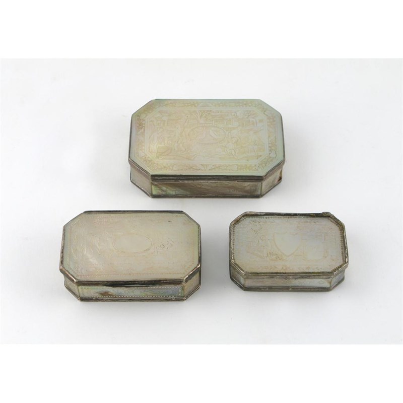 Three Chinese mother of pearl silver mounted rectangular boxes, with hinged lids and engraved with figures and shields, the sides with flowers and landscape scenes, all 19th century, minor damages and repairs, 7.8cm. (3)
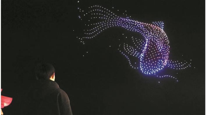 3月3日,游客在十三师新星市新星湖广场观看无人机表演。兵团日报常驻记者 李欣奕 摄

==

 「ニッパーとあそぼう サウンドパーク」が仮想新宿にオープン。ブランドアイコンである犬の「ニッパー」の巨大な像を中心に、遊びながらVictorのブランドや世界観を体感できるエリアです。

* * *

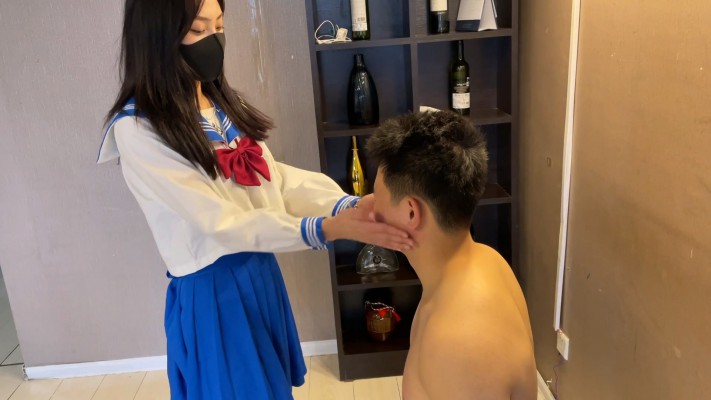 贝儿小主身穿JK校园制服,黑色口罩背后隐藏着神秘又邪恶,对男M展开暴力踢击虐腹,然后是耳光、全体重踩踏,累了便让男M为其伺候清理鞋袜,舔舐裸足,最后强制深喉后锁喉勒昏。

§ **What needs to be done**: Look through the material above. Transcribe exactly the lines between the ones with "Three Chinese mother" and "3月3日,游客在十三师新星市新星湖广场观看无人机表演。兵团日报常驻记者 李欣奕 摄", inclusive, and keep pictures out.

§ **Answer for this exercise**:
 Three Chinese mother of pearl silver mounted rectangular boxes, with hinged lids and engraved with figures and shields, the sides with flowers and landscape scenes, all 19th century, minor damages and repairs, 7.8cm. (3)
 3月3日,游客在十三师新星市新星湖广场观看无人机表演。兵团日报常驻记者 李欣奕 摄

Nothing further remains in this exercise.